By the way, the above-mentioned rotating magnetic head is shown in FIG. 4(a).
), a groove 11 is formed in the ferrite block IO by primary processing, and a sendust sputtered film 12 is provided on one side of the groove 11.

Then, the second full 13 is formed by secondary processing.

The other processed ferrite core 15, which has a recess 16 for winding wire, is placed on top of the processed ferrite core 14 described above, positioned so that the abutting surfaces of the sendust sputtered layers form a magnetic gap, and the glass layer is welded and fixed. do.

By slicing along the dotted lines as shown in FIG. 4(f), a plurality of rotating magnetic heads can be obtained in one process.

In this case, the above-mentioned deviation of the magnetic gap end face is t
Iη11 or +3 depends on the cutting accuracy, and the fourth
In the figure, it is affected by the overlapping accuracy of two ferrite blocks.

Therefore, in the method for manufacturing a rotating 6n air head according to the present invention, the groove 1! , 13 or the overlapping reference plane of the ferrite block is shifted very slightly from the center, and in the state shown in Fig. 4(f), the deviation of the magnetic gear end face is often close to the obtuse angle type marked m1. (Make it so.

In other words, in the case of U.S.-produced balls, the reference position where the deviation of the magnetic gap end face is O is slightly shifted by 5, and the proportion of obtuse-angle type magnetic heads is increased. To increase the yield of heads.

[Requirements of the Invention 1] As explained above, the rotating magnetic head of the present invention and the iNR method for manufacturing the same can be used for solid recording by using an obtuse type magnetic head for solid recording. The width by which the recorded edge track area is erased can be reduced, and the S/N ratio when recording and reproducing the magnetic tape can be improved.

In addition, by setting the reference plane during manufacturing so that the proportion of such obtuse-angle type magnetic heads increases, the yield of rotating magnetic heads useful for solid recording can be improved and productivity can be increased. be.

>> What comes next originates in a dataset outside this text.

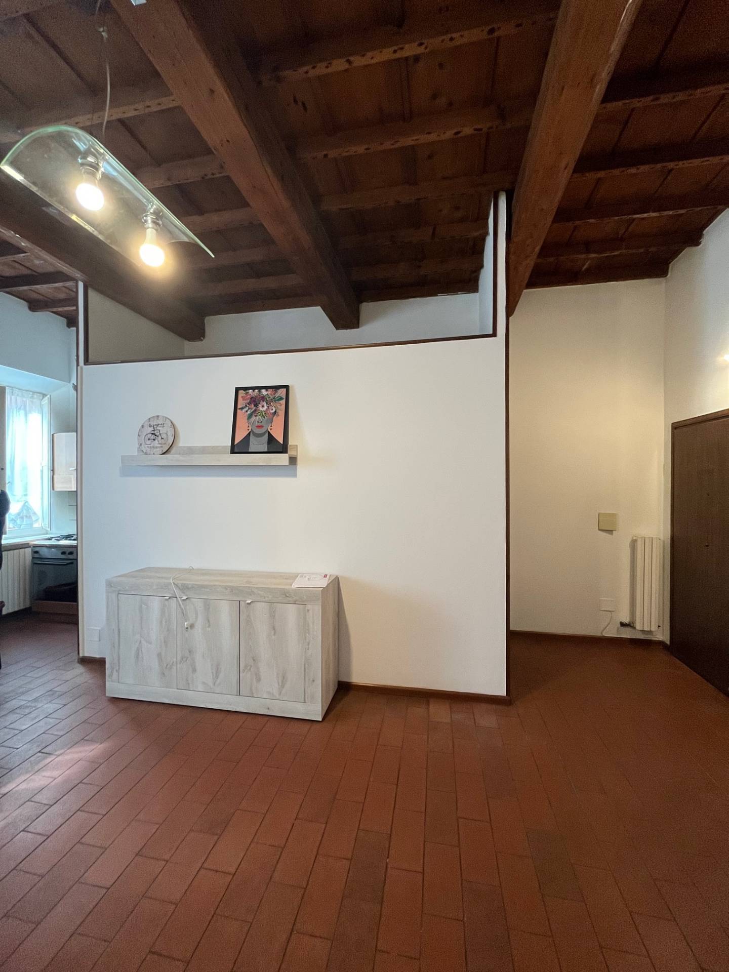 Monolocale con angolo cottura e zona notte, bagno.

[Brief explanation of drawings]

Fig. 1 is a perspective view of a rotating magnetic head showing an embodiment of the present invention, Fig. 2 is an enlarged view of the magnetic gap of the rotating U-magnetic head, and Fig. 3 shows the displacement, angle, and erase width of recording tracks. FIG. 4 is a schematic diagram of the JI method for manufacturing a magnetic head, FIG. 5 is an explanatory diagram of a solid recording track, and FIG. 6 is an explanatory diagram of a magnetic head. In the figure, 1.2 is a single crystal ferrite, 3 is a sendust layer 4 which is a magnetic gap, 5 is a glass layer, and θ1 θ2 is a deviation angle.

Claims (1)

[Claims] (1) A rotating magnetic head in which a first core chip and a second core chip are butted against each other, and a gap formed on the abutting surfaces has an inclined azimuth angle, characterized in that the deviation of the abutting surfaces is of an obtuse angle type. Rotating magnetic head for recording (2) The abutting surfaces of the first and second cores constituting the gip of the magnetic head are arranged so as to be slightly deviated from the center position, and an obtuse type is placed in the finished product. A method for manufacturing a rotating magnetic head, characterized in that the probability that a rotating head exists is increased.